Carlos Drummond de Andrade (October 31, 1902 - August 17, 1987) was perhaps the most influential Brazilian poet of the 20th century. He has become something of a national poet; his poem "Canção Amiga" ("Friendly Song") was printed on the 50 cruzados note.

Drummond was born in Itabira, a mining village in Minas Gerais in southeastern Brazil. His parents were farmers of partial Hungarian and Portuguese ancestry[1]. He went to a school of pharmacy in Belo Horizonte, but never worked as a pharmacist after graduation. He worked in government service for most of his life, eventually becoming director of history for the National Historical and Artistic Heritage Service of Brazil.

Though his earliest poems are formal and satirical, Drummond quickly adopted the new forms of Brazilian modernism that were evolving in the 1920s, incited by the work of Mário de Andrade (to whom he was not related). He adopted a Whitmanian free verse, mingling speech fluent in elegance and truth about the surrounding, many times quotidian, world, with a fluidity of thought.
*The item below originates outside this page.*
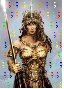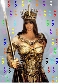 Have faith. With a little guidance, you too can master the SEMICOLON—which means that you can don the costume and bear the title "Semiramis of the Semicolon." (Spear not included.)
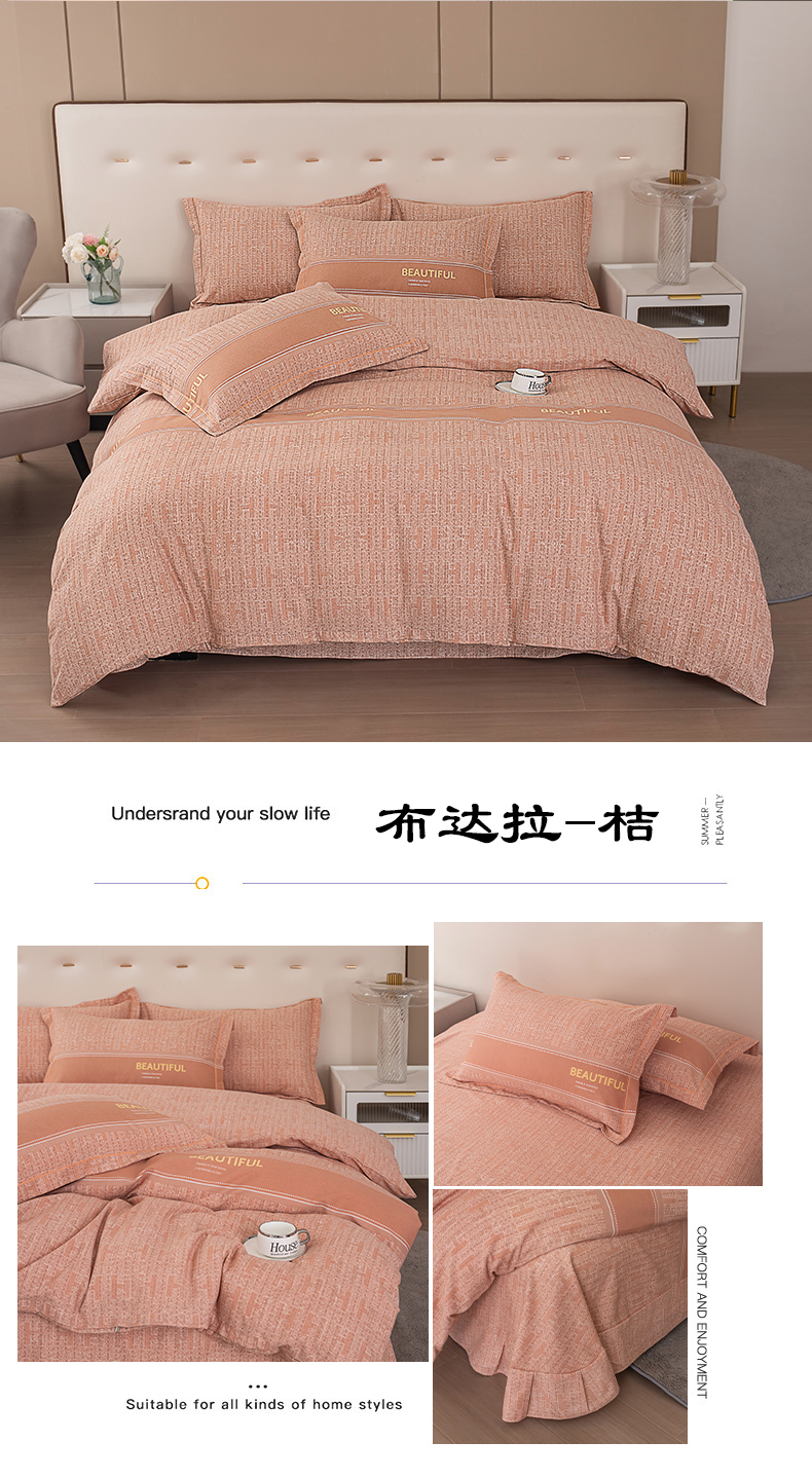 喜四方 2024新款全棉磨毛全棉印花四件套 布达拉-桔

One of Drummond's best-known poems is his hymn to an ordinary man, "José." It is a poem of desolation:

Key in hand,
you want to open the door -
there is no door. . .

The work of Carlos Drummond is generally divided into several segments, which appear very markedly in each of his books. But this is somewhat misleading, since even in the midst of his everyday poems or his socialist, politicized poems, there appear creations which can be easily incorporated into his later metaphysical canon, and none of these styles is completely free of the others. There is surely much metaphysical content in even his most rancid political poems.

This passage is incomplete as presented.